Today the New York Times published an article outlining the level of absurdity that corporations will go through to abrogate the legal rights of consumers.  Three years ago the Supreme Court delivered the opinion of AT&T Mobility, LLC v. Concepcion, 584 F.3d 849, where it reversed the 9th Circuit and found that the Federal Arbitration Act (FAA) makes agreements to arbitrate valid, irrevocable, and enforceable and prohibits States from conditioning the enforceability of certain arbitration agreements on clauses, such as the waiver of bringing class actions.

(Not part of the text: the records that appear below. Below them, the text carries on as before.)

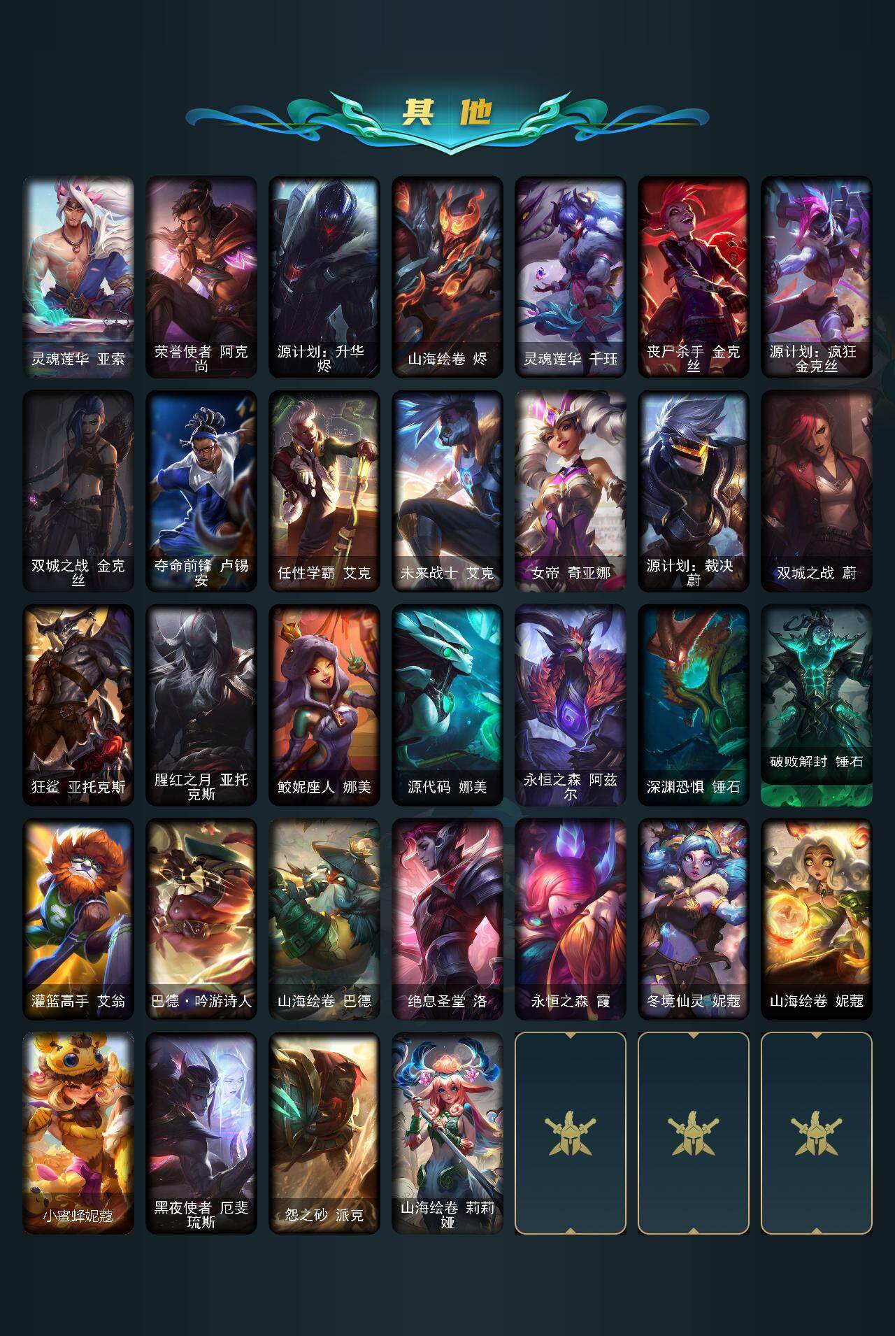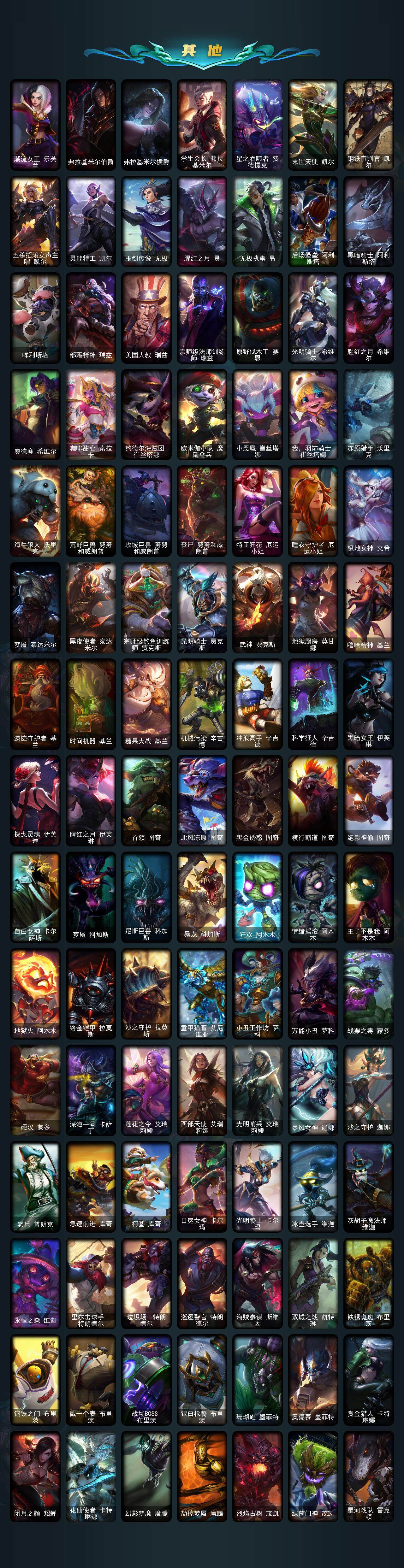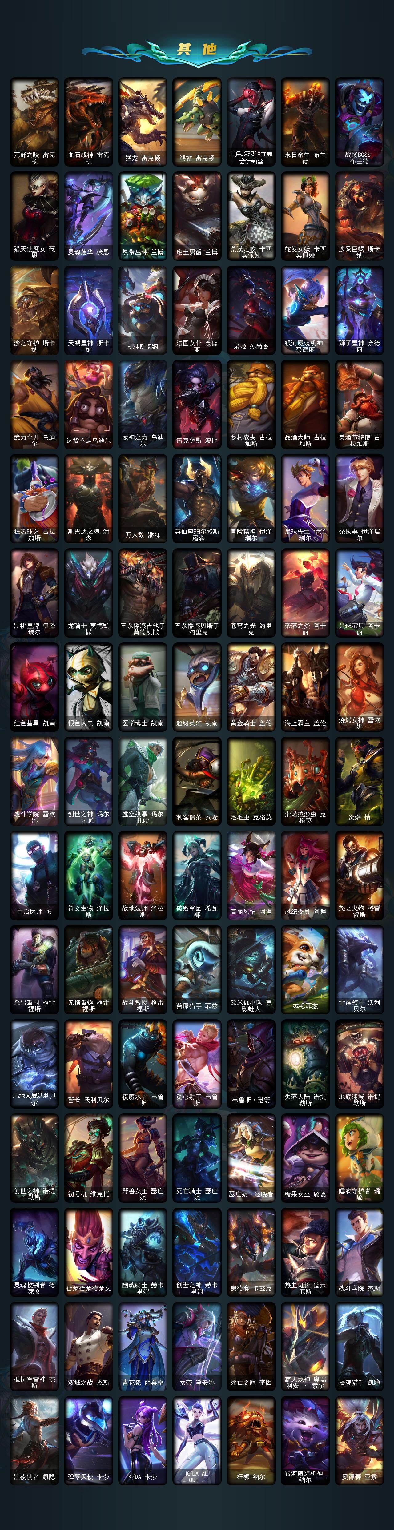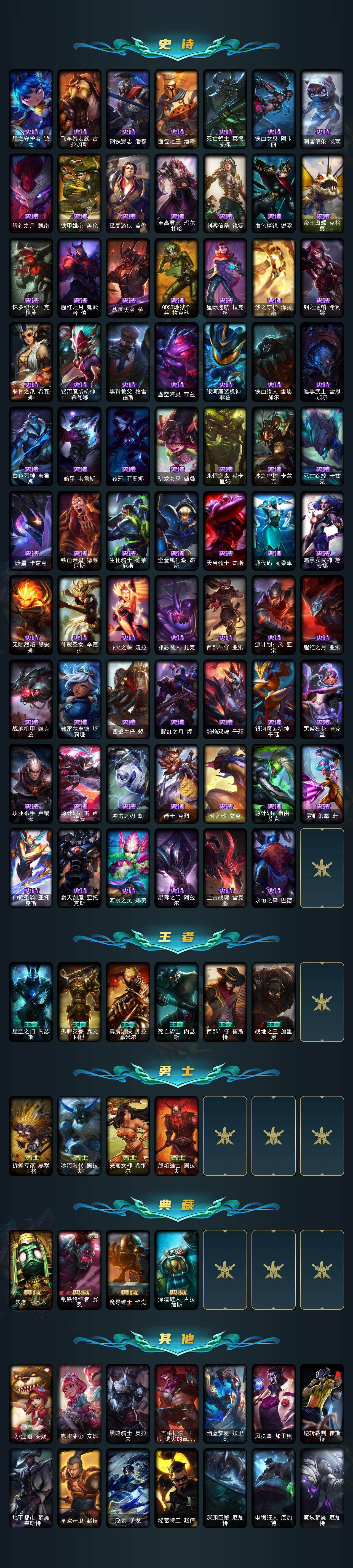 172英雄-581皮肤-172英雄/581皮肤/2终极/43神话/81限定/12臻彩/348炫彩/53传说/132史诗/铂金/十周年纪念 安妮/源代码 乐芙兰/十五周年纪念 希维尔/神凰行者 瑞羽圣凰 艾尼维亚/水晶掠夺者 卡兹克/灰烬骑士 派克/海克斯科技 安妮/海克斯科技 波比/海克斯科技 嘉文四世/海克斯科技 吉格斯/海克斯科技 卡萨丁/海克斯科技 克格莫/海克斯科技 雷克顿/海克斯科技 魔腾/恐惧新星 德莱厄
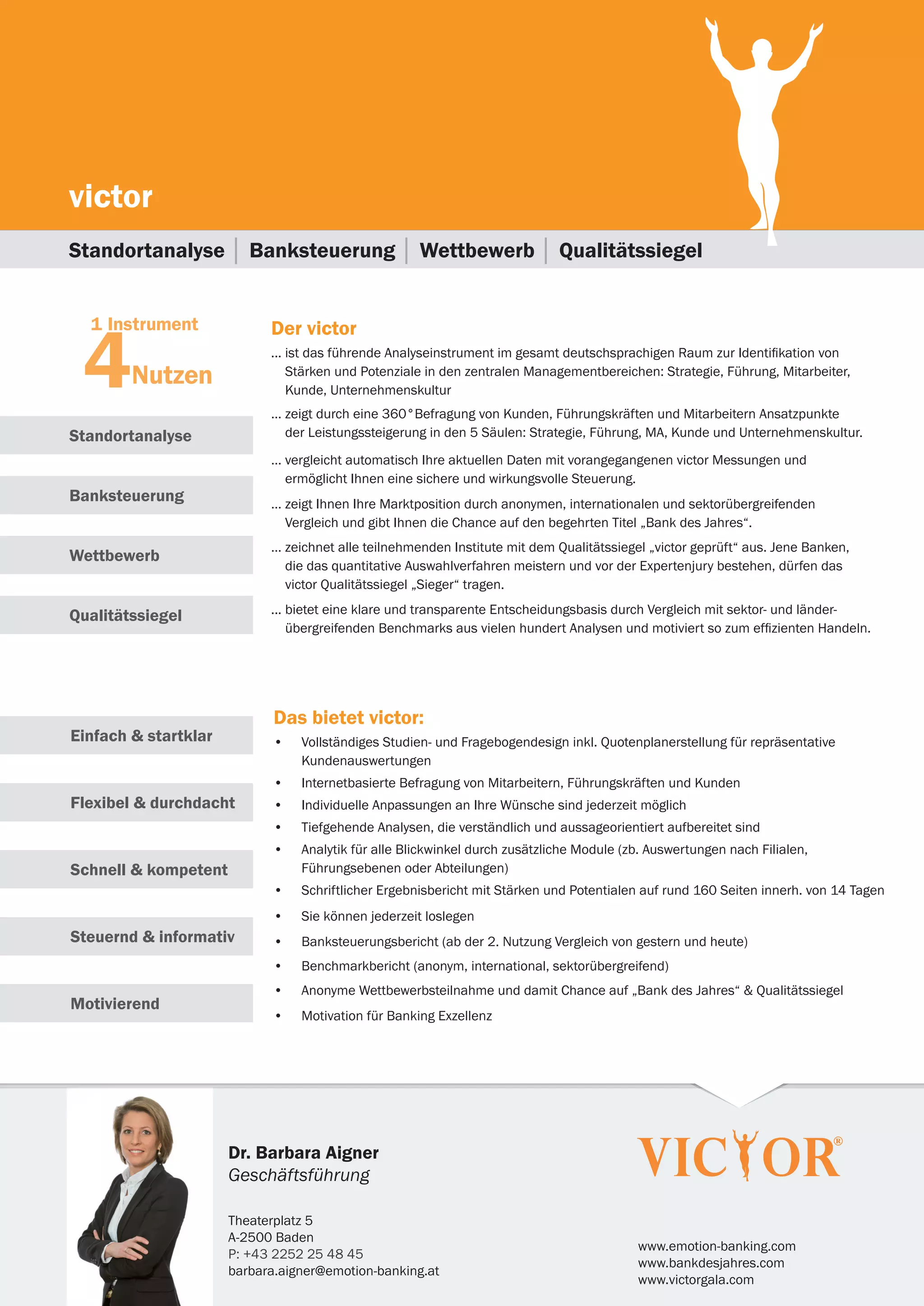 Victor ist ein führendes Analyseinstrument zur Identifikation von Stärken und Potenzialen in zentralen Managementbereichen wie Strategie und Unternehmenskultur durch 360°-Befragungen. Es bietet eine umfassende Marktanalyse, ermöglicht Vergleiche und zeichnet teilnehmende Banken mit einem Qualitätssiegel aus, das die Chance auf den Titel 'Bank des Jahres' beinhaltet. Das Programm umfasst verschiedene Module und maßgeschneiderte Analysen sowie Berichtserstellungen, die Transparenz und Handlungsempfehlungen bieten.
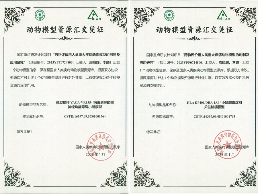 两项模子均赢得国度东说念主类疾病动物模子资源库颁发的汇交阐发,模子信息已纳入国度资源库杀青公开分享,将面向寰宇科研单元敞开使用,以程序化资源因循我国生物医药限制的基础询查与新药研发。
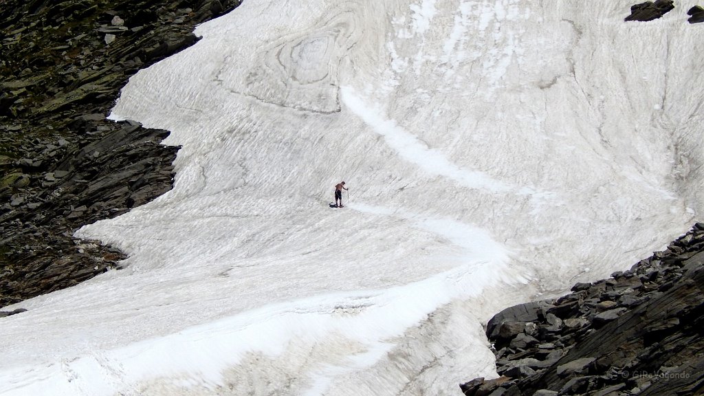 Arriva sul ripido, dove i ramponcini non tengono più ...
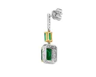 Extraordinary Collection: Emerald And Diamond Drop Earrings In 18k Yellow And White Gold (9x7mm)

Since that holding, corporations starting conditioning almost all consumer transactions, and now interactions, on agreeing (implicitly) to forced arbitration.  As the New York Times has revealed, now General Mills, the maker of common household brands like Cheerios and Bisquick, trades consumers’ access to a courtroom for private, forced arbitration, if they choose to download coupons online or decide to follow General Mills on Facebook.  A copy of the full article online can be found at:

http://www.nytimes.com/2014/04/17/business/when-liking-a-brand-online-voids-the-right-to-sue.html?_r=0

This issue of ever expanding forced consumer arbitration and waiver of consumer rights, has been an issue Congress has now taken up.  Paul Bland of the Public Justice Center recently testified before a House Subcommittee on Commercial and Administrative Law, highlighting this ongoing problem, pointing out that there is no meaningful judicial review of arbitration decisions due to current law which allows arbitrators nearly complete freedom to ignore their own rules, the facts, and even the law.

The latest step taken by General Mills highlights the future of forces arbitration and the loss of consumer rights.  If this trend continues, perhaps merely browsing a corporate website or signing up for news alerts will be a basis for giving up your day in court if the company’s products or services later cause harm.